Content starts
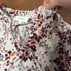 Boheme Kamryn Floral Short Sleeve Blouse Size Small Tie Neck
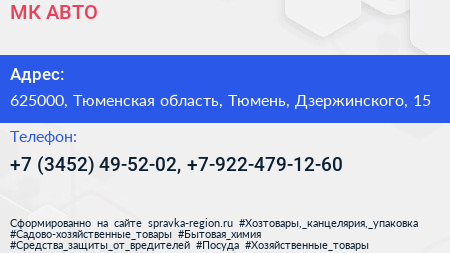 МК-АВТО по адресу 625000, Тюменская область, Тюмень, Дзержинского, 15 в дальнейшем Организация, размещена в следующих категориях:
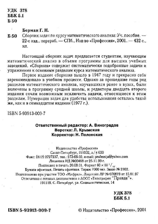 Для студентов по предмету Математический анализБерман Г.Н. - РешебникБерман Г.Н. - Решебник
Content ends
Content starts
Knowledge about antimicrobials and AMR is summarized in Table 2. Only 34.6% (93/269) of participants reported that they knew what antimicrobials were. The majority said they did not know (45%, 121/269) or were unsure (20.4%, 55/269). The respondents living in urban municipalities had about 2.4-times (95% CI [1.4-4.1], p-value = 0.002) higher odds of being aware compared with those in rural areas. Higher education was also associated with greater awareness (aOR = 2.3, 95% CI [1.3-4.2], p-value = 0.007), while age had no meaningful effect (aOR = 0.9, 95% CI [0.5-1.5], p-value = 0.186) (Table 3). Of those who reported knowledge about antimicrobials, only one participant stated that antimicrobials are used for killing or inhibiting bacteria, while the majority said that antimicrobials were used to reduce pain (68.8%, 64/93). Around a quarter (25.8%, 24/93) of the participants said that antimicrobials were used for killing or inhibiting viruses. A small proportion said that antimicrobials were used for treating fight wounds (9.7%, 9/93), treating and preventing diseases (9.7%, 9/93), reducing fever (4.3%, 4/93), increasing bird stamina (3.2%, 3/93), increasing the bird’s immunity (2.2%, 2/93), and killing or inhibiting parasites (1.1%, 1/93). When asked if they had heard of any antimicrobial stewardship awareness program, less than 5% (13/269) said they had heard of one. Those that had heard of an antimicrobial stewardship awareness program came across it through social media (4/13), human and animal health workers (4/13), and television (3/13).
Content ends
Content starts
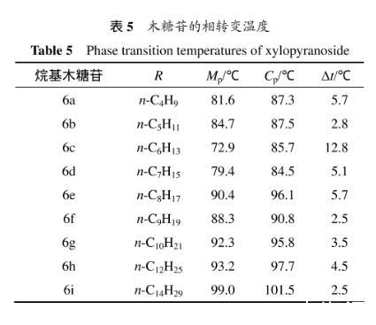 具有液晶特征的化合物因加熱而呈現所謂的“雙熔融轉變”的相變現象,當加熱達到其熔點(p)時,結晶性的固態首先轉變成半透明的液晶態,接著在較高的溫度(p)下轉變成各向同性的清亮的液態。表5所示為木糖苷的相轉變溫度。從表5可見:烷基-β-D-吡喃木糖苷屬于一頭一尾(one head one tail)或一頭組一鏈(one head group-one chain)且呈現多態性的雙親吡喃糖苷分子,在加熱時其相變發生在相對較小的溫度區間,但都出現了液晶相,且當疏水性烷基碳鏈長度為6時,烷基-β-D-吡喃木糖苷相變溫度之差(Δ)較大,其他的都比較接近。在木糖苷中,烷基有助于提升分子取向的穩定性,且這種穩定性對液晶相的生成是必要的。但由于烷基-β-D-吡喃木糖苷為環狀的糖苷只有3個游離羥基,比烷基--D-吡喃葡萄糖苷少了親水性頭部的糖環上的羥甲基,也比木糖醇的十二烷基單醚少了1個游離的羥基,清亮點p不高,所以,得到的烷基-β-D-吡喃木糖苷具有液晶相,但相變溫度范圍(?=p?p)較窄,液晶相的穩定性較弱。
Content ends
▶ INSTRUCTIONS TO FOLLOW: Return exactly the stretch above whose first line contains "Boheme Kamryn Floral" and whose last line contains "Для студентов по", and nothing outside it. The pictures should not appear.

▶ OUTPUT FOR THIS EXERCISE:
 Boheme Kamryn Floral Short Sleeve Blouse Size Small Tie Neck
 МК-АВТО по адресу 625000, Тюменская область, Тюмень, Дзержинского, 15 в дальнейшем Организация, размещена в следующих категориях:
 Для студентов по предмету Математический анализБерман Г.Н. - РешебникБерман Г.Н. - Решебник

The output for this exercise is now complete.